_Dataset_:
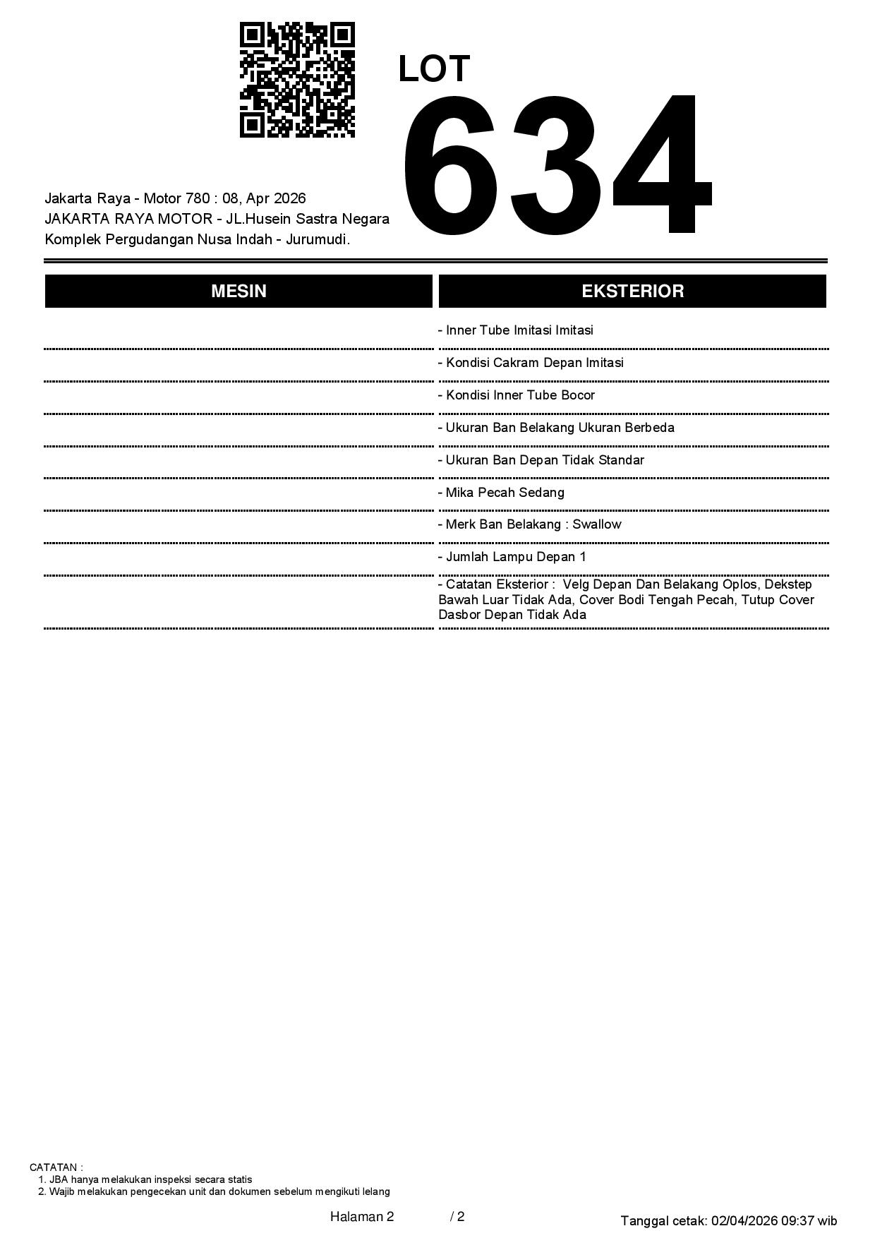 2. Peserta lelang wajib cek unit & dokumen
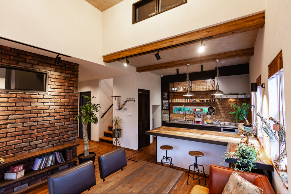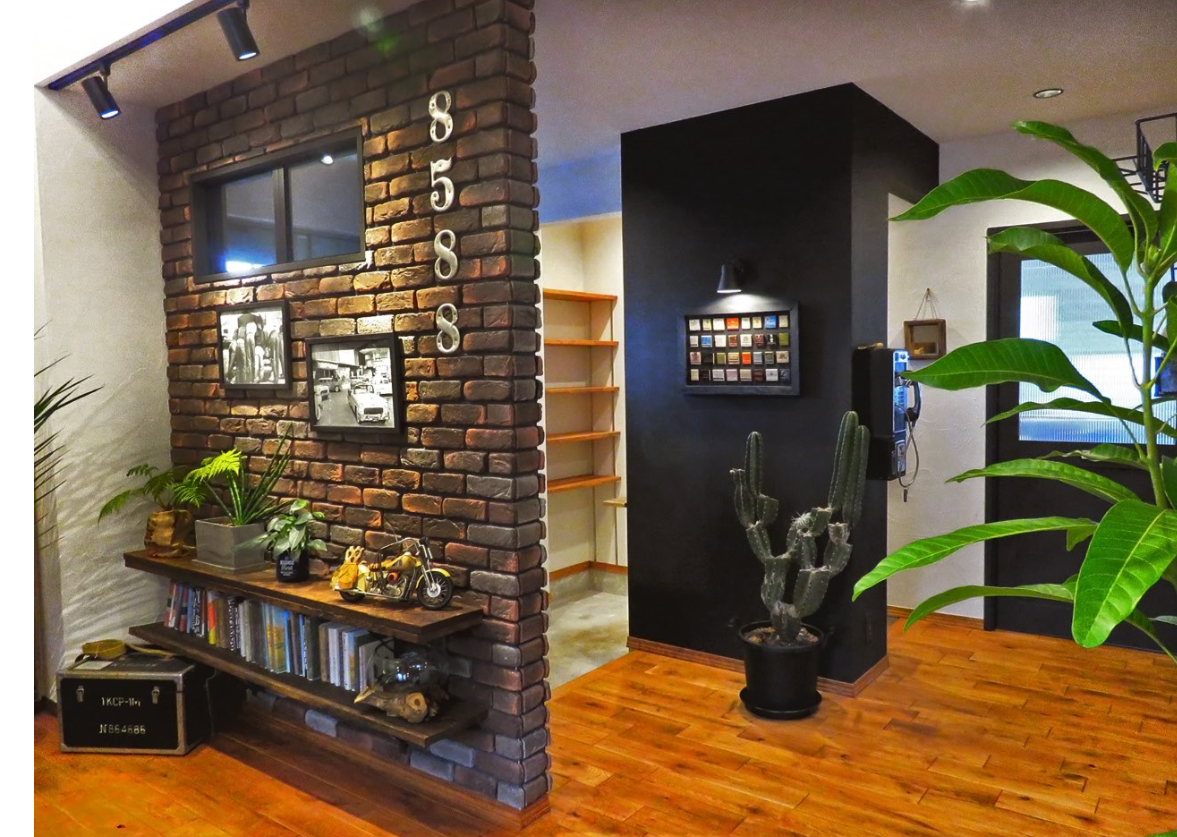 モデルハウス ラップサイディングとブリックタイルの外観。柱には造形モルタルで石積み風仕上げ。1Fはアメリカンビンテージ・ブルックリンスタイル。2Fはインダストリアルスタイルでコーディネート。1階はオークの無垢材・2階は浮造りのビンテージ加工を施した無垢材。1階の高い天井にはスチールで作ったメッシュの床はスケルトンに。 全館空調の快適な空調など、実際にご来場して体感して下さい。 ギャラリー 玄関&リビング 天井を高くして開放的なLDK インダストリアルテイストの2F
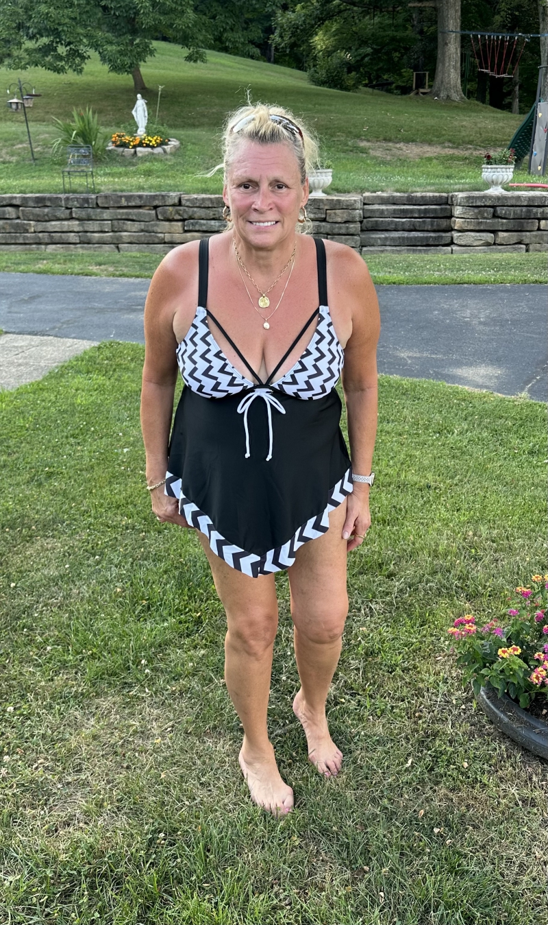 Asymmetric Hem Layered Chevron Print Halter Swimdress and Shorts
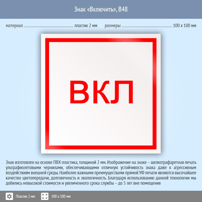 Знак «Включить», B48 (пластик, 100х100 мм) в Череповце купить
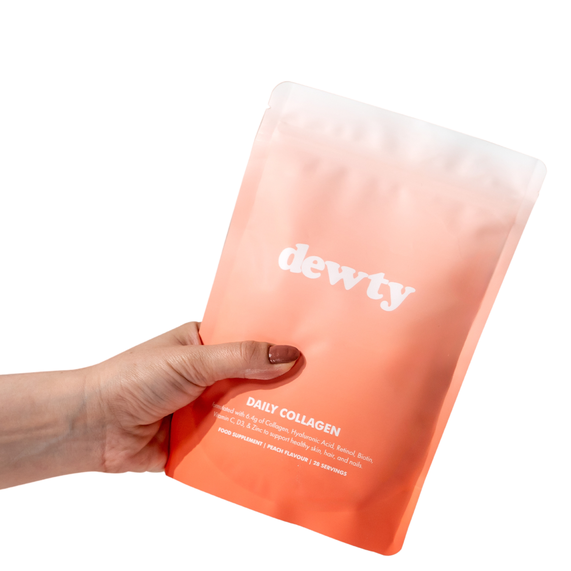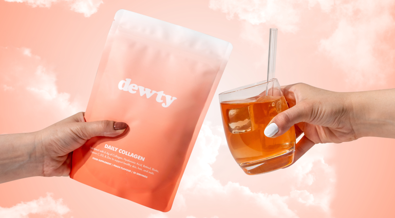 Both forms will give you the benefits of collagen, but powder has a few extra perks. It’s cost-effective, shelf-stable, has less of an environmental impact, and usually contains fewer fillers and additives, making it closer to a pure collagen source than a liquid collagen drink. Plus, you can easily mix it into your favourite drinks. Some powder options, such as our Dewty Daily Collagen, also contain additional health-promoting ingredients that help build and support your natural collagen stores, like vitamin C and hyaluronic acid.
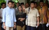 Pasangan Capres dan Cawapres No 02 Prabowo Subianto-Sandiaga Uno menyapa usai memberikan keterangan terkait hasil final rekapitulasi nasional KPU di Kertanegara, Jakarta, Selasa (21/5). (FOTO : Republika/Prayogi)
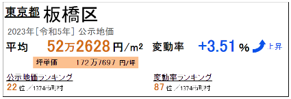 2023年(令和5年)发布的最新公示地价显示,东京都板桥区的地价为平均每平方米52万2628日元,每坪地价平均为172万7697日元,坪价格日本全国排名第22位。地价较去年上涨3.51%,在日本全国变动率排名第87位。
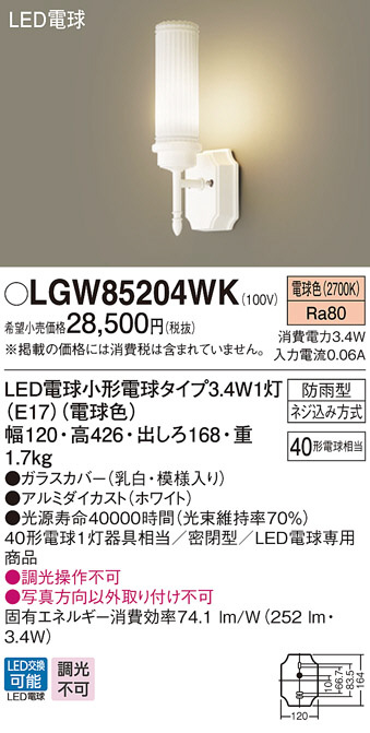 Panasonic LED ¥¨¥¯¥¹¥Æ¥ê¥¢¡¦¥¢¥¦¥È¥É¥¢ LGW85204WK
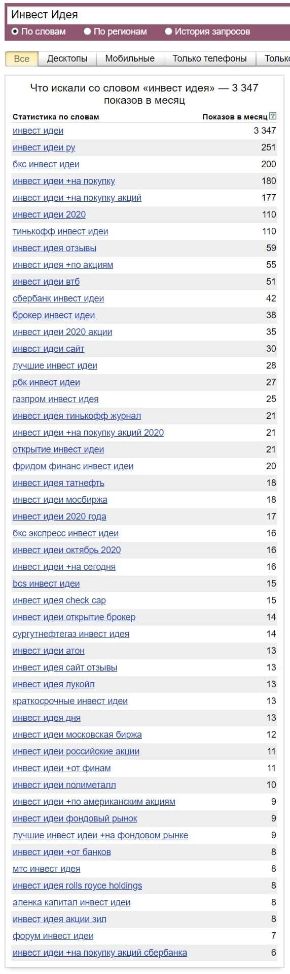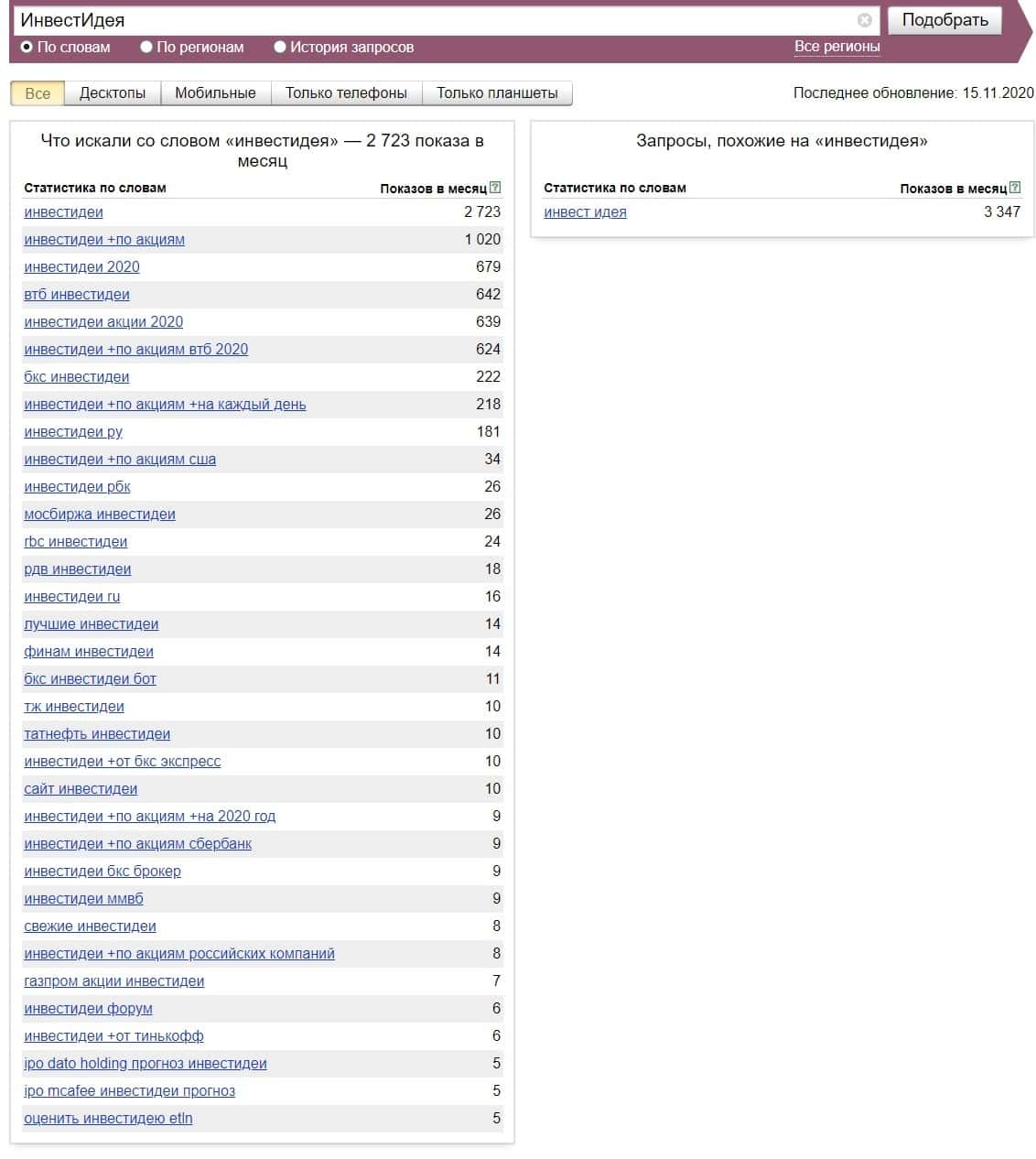 То же название, но написанное с пробелом "Инвест Идея", люди пытались найти в системе Яндекс с таким результатом: 3347 показов в месяц.
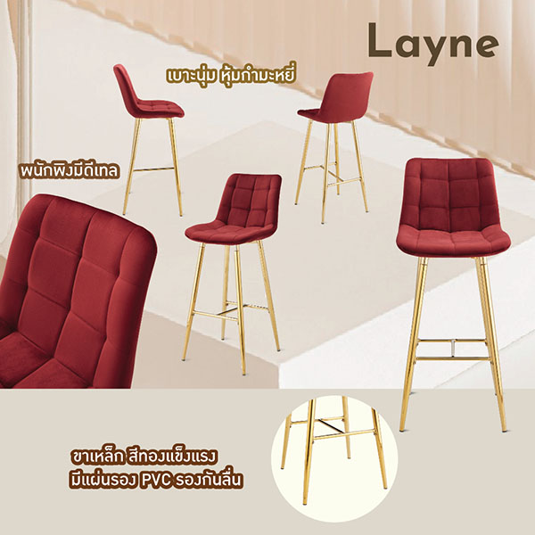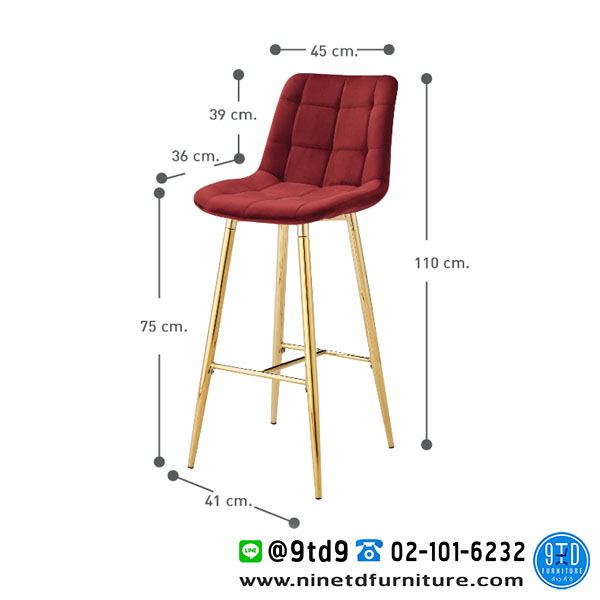 • เก้าอี้บาร์ เบาะหุ้มด้วยผ้ากำมะหยี่
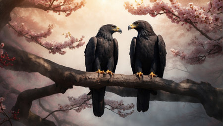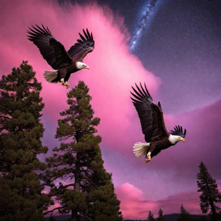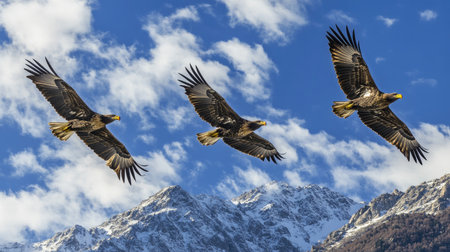Noble eagles soaring high above snow-capped mountain peaks, symbols of freedom and strength.

_What to work on_: With the pictures left out, transcribe exactly the lines from the line holding "玄関&リビング 天井を高くして開放的なLDK インダストリアルテイストの2F" through the closing line of the entries.

_Solution_:
 モデルハウス ラップサイディングとブリックタイルの外観。柱には造形モルタルで石積み風仕上げ。1Fはアメリカンビンテージ・ブルックリンスタイル。2Fはインダストリアルスタイルでコーディネート。1階はオークの無垢材・2階は浮造りのビンテージ加工を施した無垢材。1階の高い天井にはスチールで作ったメッシュの床はスケルトンに。 全館空調の快適な空調など、実際にご来場して体感して下さい。 ギャラリー 玄関&リビング 天井を高くして開放的なLDK インダストリアルテイストの2F
 Asymmetric Hem Layered Chevron Print Halter Swimdress and Shorts
 Знак «Включить», B48 (пластик, 100х100 мм) в Череповце купить
 Both forms will give you the benefits of collagen, but powder has a few extra perks. It’s cost-effective, shelf-stable, has less of an environmental impact, and usually contains fewer fillers and additives, making it closer to a pure collagen source than a liquid collagen drink. Plus, you can easily mix it into your favourite drinks. Some powder options, such as our Dewty Daily Collagen, also contain additional health-promoting ingredients that help build and support your natural collagen stores, like vitamin C and hyaluronic acid.
 Pasangan Capres dan Cawapres No 02 Prabowo Subianto-Sandiaga Uno menyapa usai memberikan keterangan terkait hasil final rekapitulasi nasional KPU di Kertanegara, Jakarta, Selasa (21/5). (FOTO : Republika/Prayogi)
 2023年(令和5年)发布的最新公示地价显示,东京都板桥区的地价为平均每平方米52万2628日元,每坪地价平均为172万7697日元,坪价格日本全国排名第22位。地价较去年上涨3.51%,在日本全国变动率排名第87位。
 Panasonic LED ¥¨¥¯¥¹¥Æ¥ê¥¢¡¦¥¢¥¦¥È¥É¥¢ LGW85204WK
 То же название, но написанное с пробелом "Инвест Идея", люди пытались найти в системе Яндекс с таким результатом: 3347 показов в месяц.
 • เก้าอี้บาร์ เบาะหุ้มด้วยผ้ากำมะหยี่
Noble eagles soaring high above snow-capped mountain peaks, symbols of freedom and strength.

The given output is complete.